Promotion of primitive types

I have a question about the promotion of primitive types in Java. As we can see in the following example, one of the methods does not compile due to an error of type mismatch. Each method returns the same value but in different types.

The version of primitive long method works without error while the version of wrapper class Long fails. This is because the int literal in the return statement will be first promoted to a broader primitive type (e.g. long) and then to the corresponding wrapper class Integer and so on. Since Integer is not a subclass of Long the compiler gives an error.

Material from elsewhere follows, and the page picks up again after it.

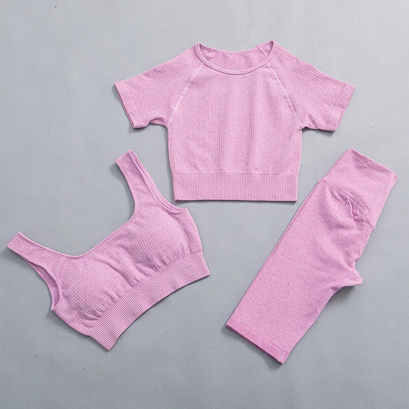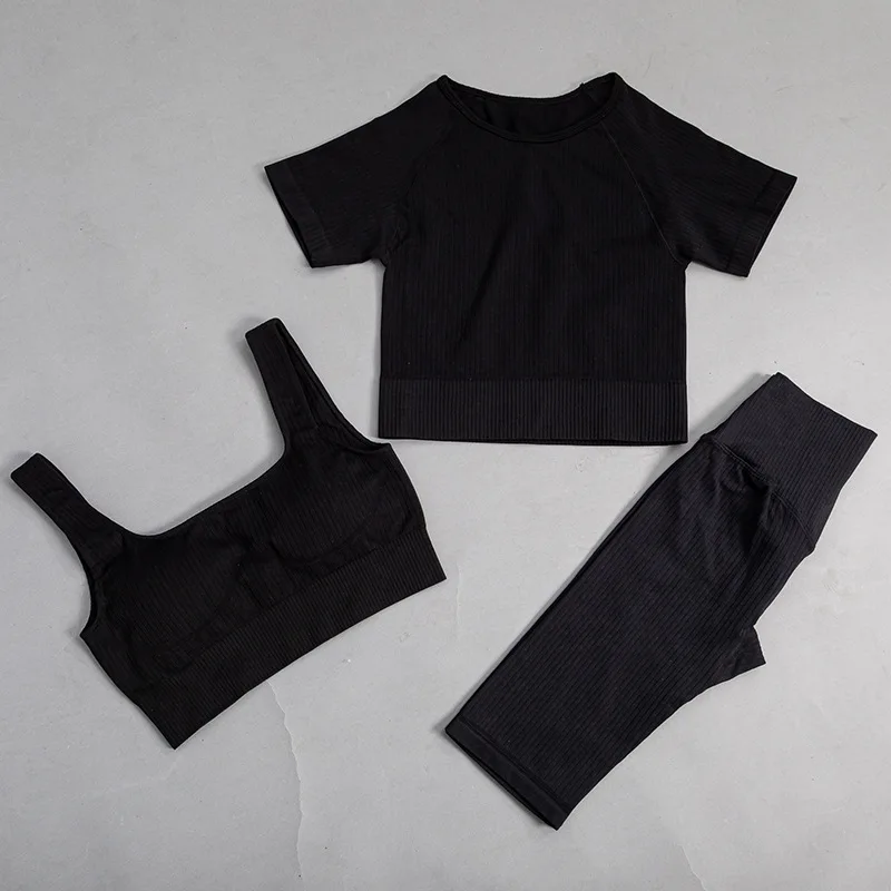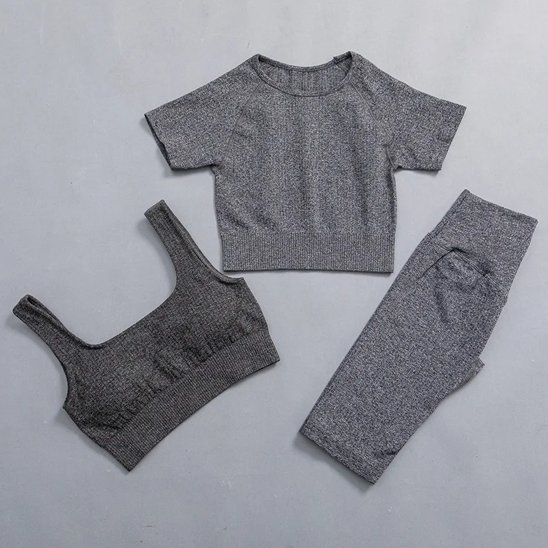 Женские Бесшовные комплекты для йоги, 3 шт., женская одежда для фит...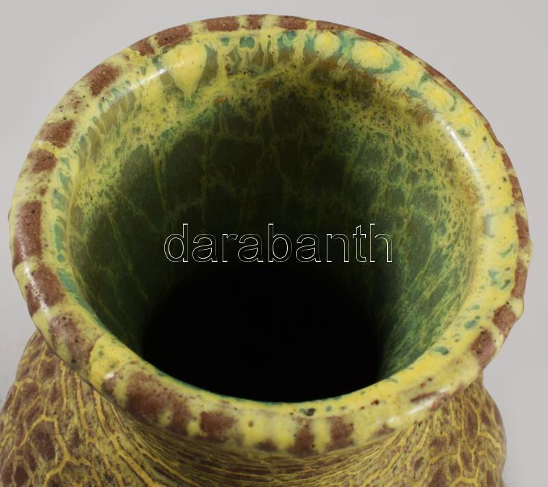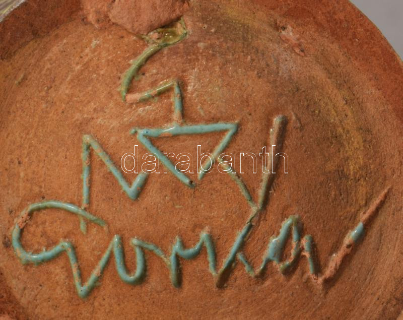 Beschreibung: Gorka Géza (1894-1971): Váza, vállánál hólyagos dÃszÃtéssel. Korongozott és kézzel mintázott cserép. Jelzett: alján masszába karcolt GNV háromszöggel Gorka. Aljánál kis mázpattogzásokkal, m: 16,5 cm /// Geza Gorka (1894-1971): Vase, with blister decoration at the shoulder. Wheel-thrown and hand-shaped earthenware. Signed: incised into the clay at the base with a triangular GNV and "Gorka." Minor glaze chips at the base, height: 16.5 cm.

But why does the version of wrapper class Byte works without any error? What exactly does the compiler do at this point?

long getPrimitiveLong() {
    return 12; // valid
}

Long getWrapperLong() {
    return 12; // Error: type mismatch
}

Byte getWrapperByte() {
    return 12; // valid
}

Upvotes: 4

Views: 1540

Answers (4)

Yoshua Nahar
Yoshua Nahar

Reputation: 1344

This is because Java allows 1 conversion or Autoboxing, not more.

Java can do all these:

int i = 5;
double d = i; // int to double
long l = i; // int to long
long l = d; // double to long

Or autobox:

Integer i = 5; // int to Integer
Double d = 5.0; // double to Double
Long l = 5L; // long to Long

Converting twice, say int to Double, gives Java a hard time.

Upvotes: 4

Admit
Admit

Reputation: 4987

As a short answer - try to replace 12 with 128 (byte is in range -128 to 127). It won't compile, right? The outcome here is that the compiler knows about byte boundaries.

For the in-depth answer you can do a deep dive into OpenJDK.

Upvotes: 0

Sergey Kalinichenko
Sergey Kalinichenko

Reputation: 726509

The version with Byte works through some compiler magic.

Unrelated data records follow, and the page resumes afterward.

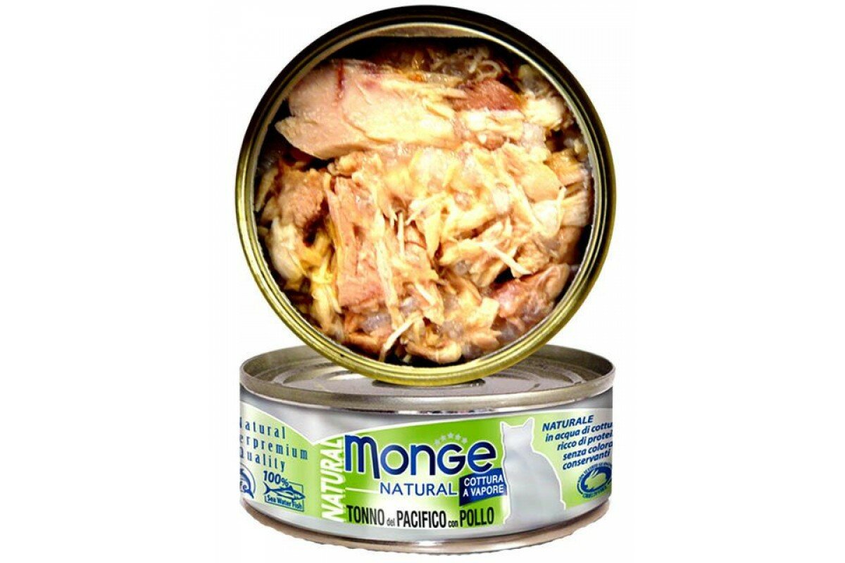 Влажный корм Monge Cat Natural для кошек, из тихоокеанского тунца с курицей, консервы 80 г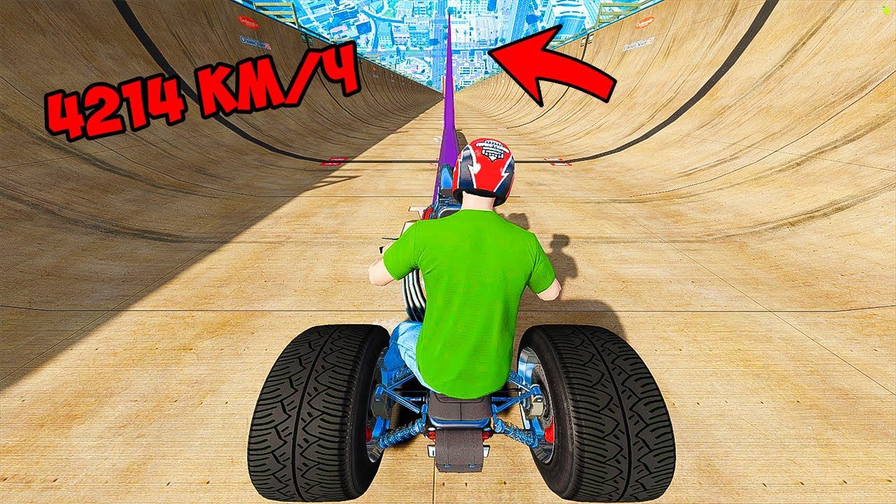 СПУСК БЕЗ ТОРМОЗОВ НА САМОМ ДЛИННОМ МОТОЦИКЛЕ ПО ТРАМПЛИНУ ГТА 5 МОДЫ РАЙЛЮХА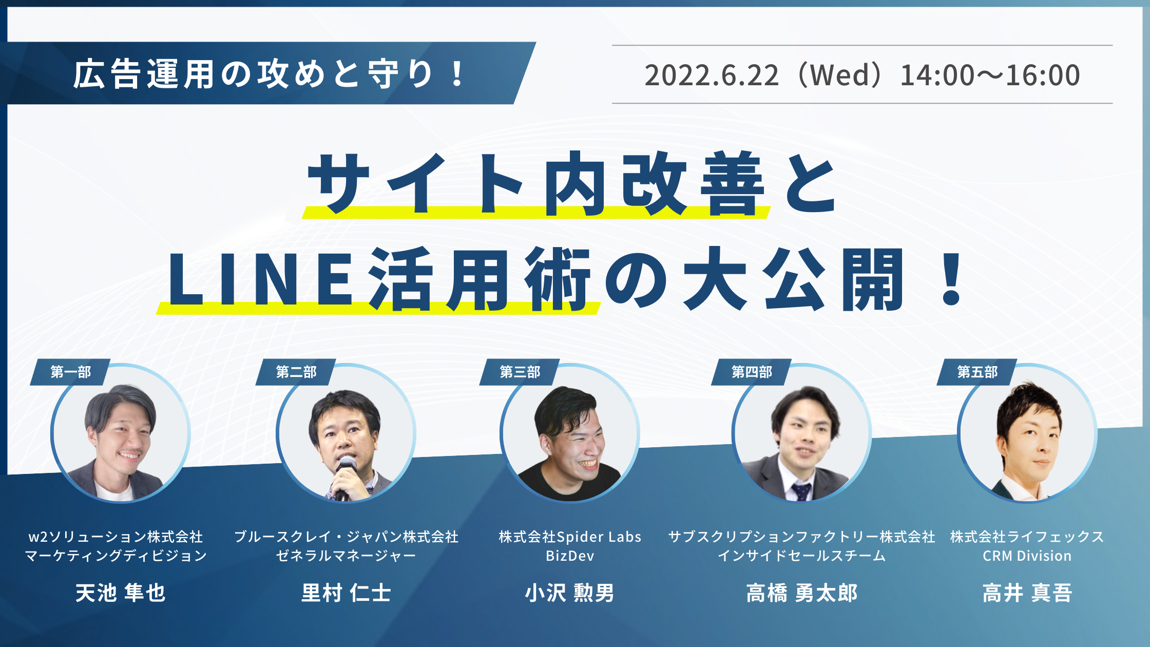 【6月22日(水)14:00~開催・参加無料】広告運用の攻めと守り!企業マーケター必見のサイト内改善方法とLINE活用術に関する5社合同ウェビナー開催決定!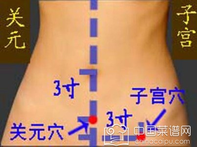 穴位位置:子宫穴位于下腹部,脐下一横掌处(脐下4寸)正中。左右旁开四横指(旁开正中线3寸)的距离各有一点即是此穴。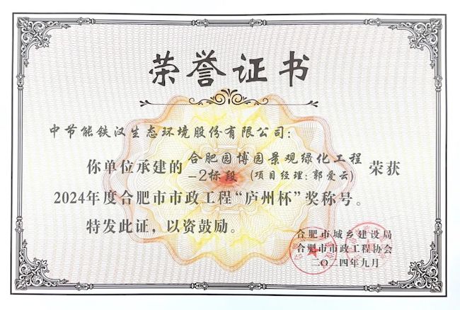近日,太阳成tyc122cc承建的合肥园博园景观绿化工程-2标段荣获2024年度合肥市市政工程“庐州杯”奖。

Unlike long numeric literals which can be constructed with a L suffix, e.g. 12L, there is no such thing as a byte literal. That is why Java compiler treats numeric literals that fit in a byte as byte literals. Hence, 12 in your last example is considered a constant of type byte.

Java Language Specification offers a description of this conversion in section 5.2:

A narrowing primitive conversion followed by a boxing conversion may be used if the type of the variable is:

  • Byte and the value of the constant expression is representable in the type byte.
  • Short and the value of the constant expression is representable in the type short.
  • Character and the value of the constant expression is representable in the type char.

Upvotes: 7

Nisal Edu
Nisal Edu

Reputation: 7591

number like 12 consider as int by default by the compiler that is why the error

To fix that you can use casting for byte and place L after the value of long variable.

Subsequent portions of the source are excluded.